Now we're in 2019. Looking back on it all, is it really any surprise? Now we're in 2019, and it seems like society is ready to let multinational corporations who have access to tremendous amounts of information about us, to monitor, censor, and censure us for "wrongthink." What could possibly go wrong?
Insomuch as there is a cultural "mainstream" then relative to that. Most videos on YouTube do not carry the potential for offending anyone (tutorials for baking chocolate cake etc) but the ones that play at the edge can strongly appeal to some audiences
My take on this is, there is always a certain level of censorship in every country, under every government and platform.
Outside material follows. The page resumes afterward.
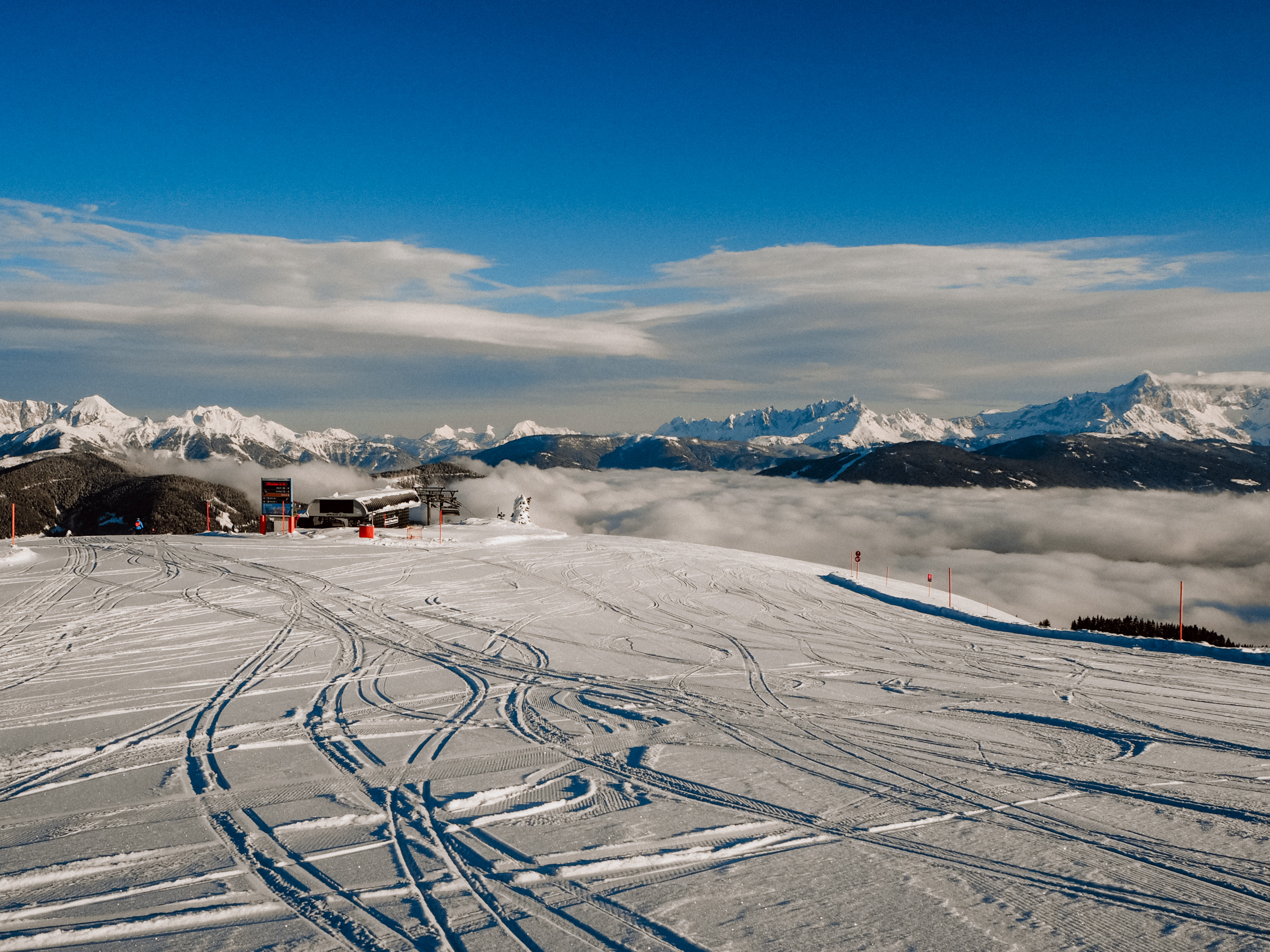 Bei traumhaftem Wetter konnten wir dann als die Ersten die Pisten unsicher machen. Da wir aber ganz Blogger-like ein bisschen die Zeit mit Fotos & Videos machen vertrödelt hatten, waren dann natürlich auch schon die ein oder anderen regulären Skigäste auf der Piste. Nichtsdestotrotz war natürlich um diese Uhrzeit noch verhältnismäßig wenig los und wir haben die Sonne weiter zum Foto machen und Skifahren genutzt. Hier sagen Bilder mehr als Worte. Beim Made my Day bekommt man auch noch einen Skiguide zur Verfügung gestellt. Hier hat uns unser Guide Charly einige tolle Geheimtipps und Fotopoints gezeigt! Wir kennen die Region zwar schon mehr als gut, haben aber auch wieder dazugelernt.

Either you truly don't censor anything, e.g. allow ISIS propaganda on your media as well, or you acknowledge that somewhere a line has to be drawn, and extremism preached by the western right or left is still extremism, just as what ISIS preaches is extremism.
Otherwise it'd just be hypocrisy and double standards.
In the mid-20th century, the US equivalent of "ISIS propaganda" was "Communist propaganda", and Communist literature was in fact legal in the US and widely available in libraries, although not generally broadcast on TV. This was, in fact, held to be the major distinction between the US and the USSR: the USSR "acknowledged that somewhere a line has to be drawn", and the US did not.
We don't make peace with our friends, we make peace with our enemies.